*** DATA UNDER STUDY ***
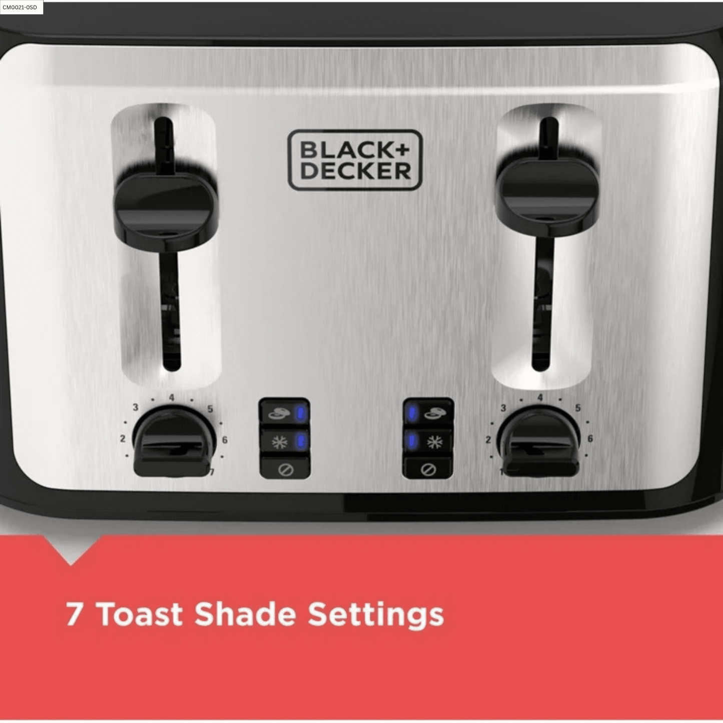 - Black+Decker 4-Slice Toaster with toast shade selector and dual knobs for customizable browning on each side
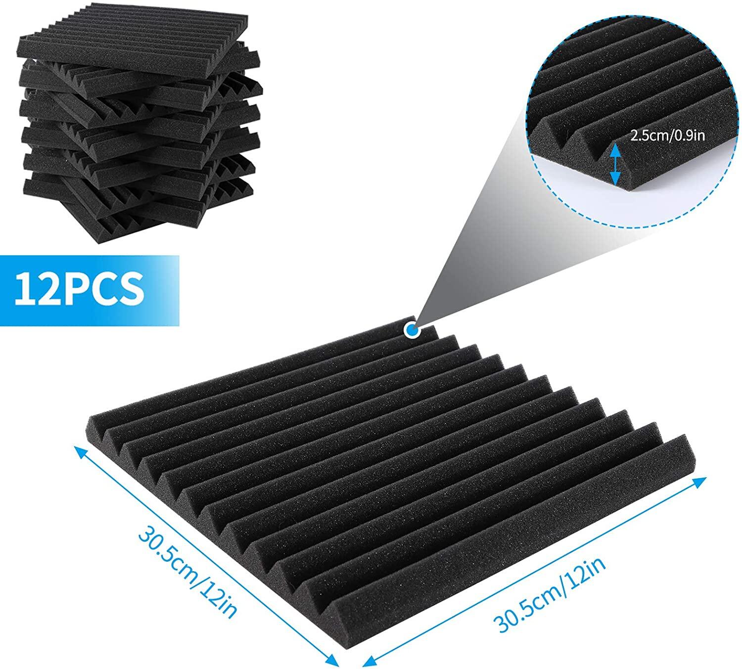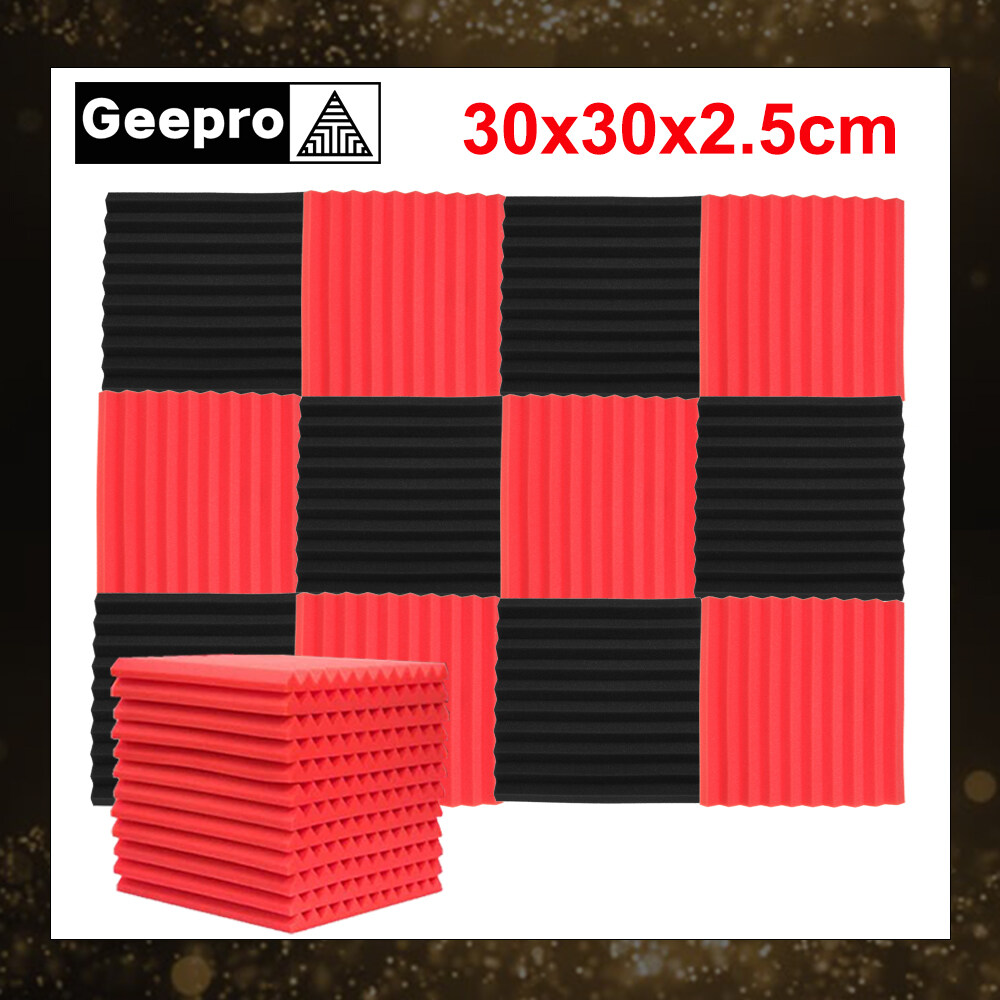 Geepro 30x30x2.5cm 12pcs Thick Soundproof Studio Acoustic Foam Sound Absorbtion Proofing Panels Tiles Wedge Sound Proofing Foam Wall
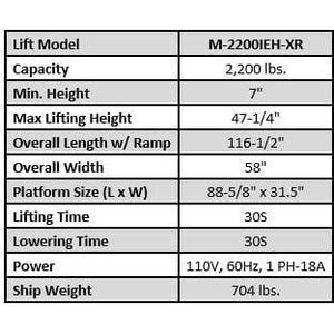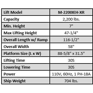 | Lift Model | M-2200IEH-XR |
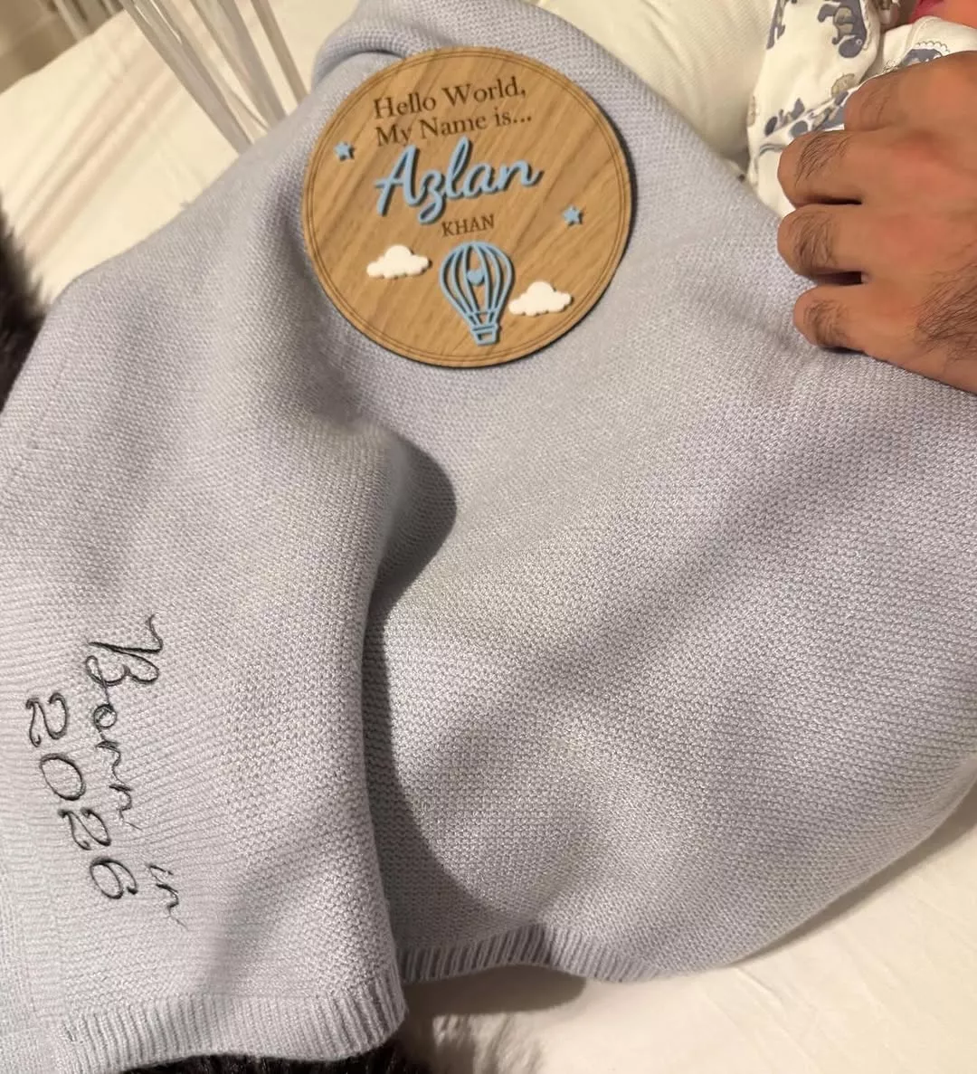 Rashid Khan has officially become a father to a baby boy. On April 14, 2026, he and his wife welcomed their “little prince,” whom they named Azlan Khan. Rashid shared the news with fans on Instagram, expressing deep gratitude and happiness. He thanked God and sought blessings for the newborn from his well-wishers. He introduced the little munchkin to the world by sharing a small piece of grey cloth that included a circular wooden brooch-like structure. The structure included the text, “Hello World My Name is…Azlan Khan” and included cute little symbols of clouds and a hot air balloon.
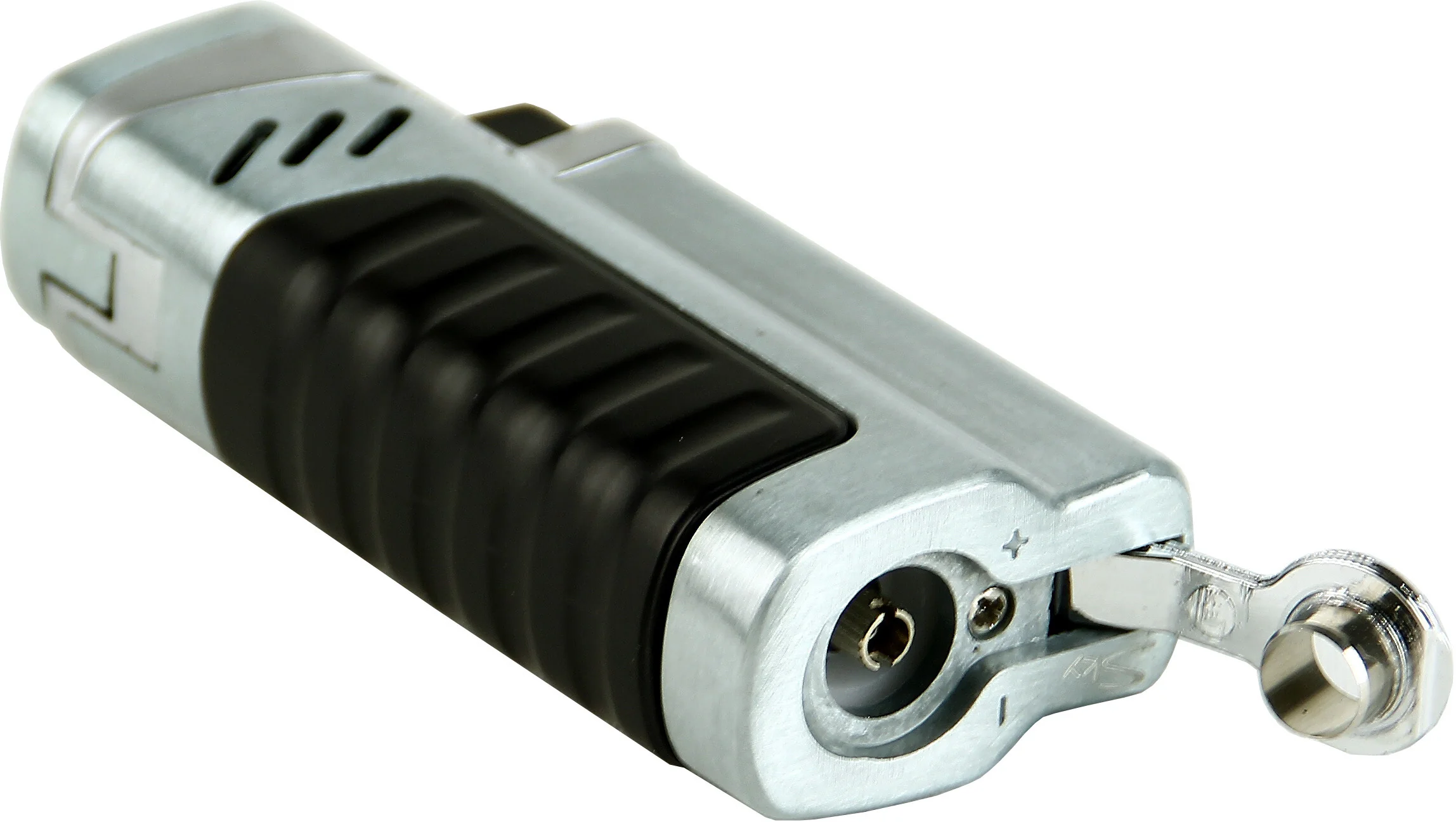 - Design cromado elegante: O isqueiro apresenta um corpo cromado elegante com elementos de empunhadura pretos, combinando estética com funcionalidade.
*** End of DATA UNDER STUDY ***
(PROBLEM TO WORK ON)
The material above should be returned exactly, without pictures.

(RESPONSE TO THE EXERCISE)
 - Black+Decker 4-Slice Toaster with toast shade selector and dual knobs for customizable browning on each side
 Geepro 30x30x2.5cm 12pcs Thick Soundproof Studio Acoustic Foam Sound Absorbtion Proofing Panels Tiles Wedge Sound Proofing Foam Wall
 | Lift Model | M-2200IEH-XR |
 Rashid Khan has officially become a father to a baby boy. On April 14, 2026, he and his wife welcomed their “little prince,” whom they named Azlan Khan. Rashid shared the news with fans on Instagram, expressing deep gratitude and happiness. He thanked God and sought blessings for the newborn from his well-wishers. He introduced the little munchkin to the world by sharing a small piece of grey cloth that included a circular wooden brooch-like structure. The structure included the text, “Hello World My Name is…Azlan Khan” and included cute little symbols of clouds and a hot air balloon.
 - Design cromado elegante: O isqueiro apresenta um corpo cromado elegante com elementos de empunhadura pretos, combinando estética com funcionalidade.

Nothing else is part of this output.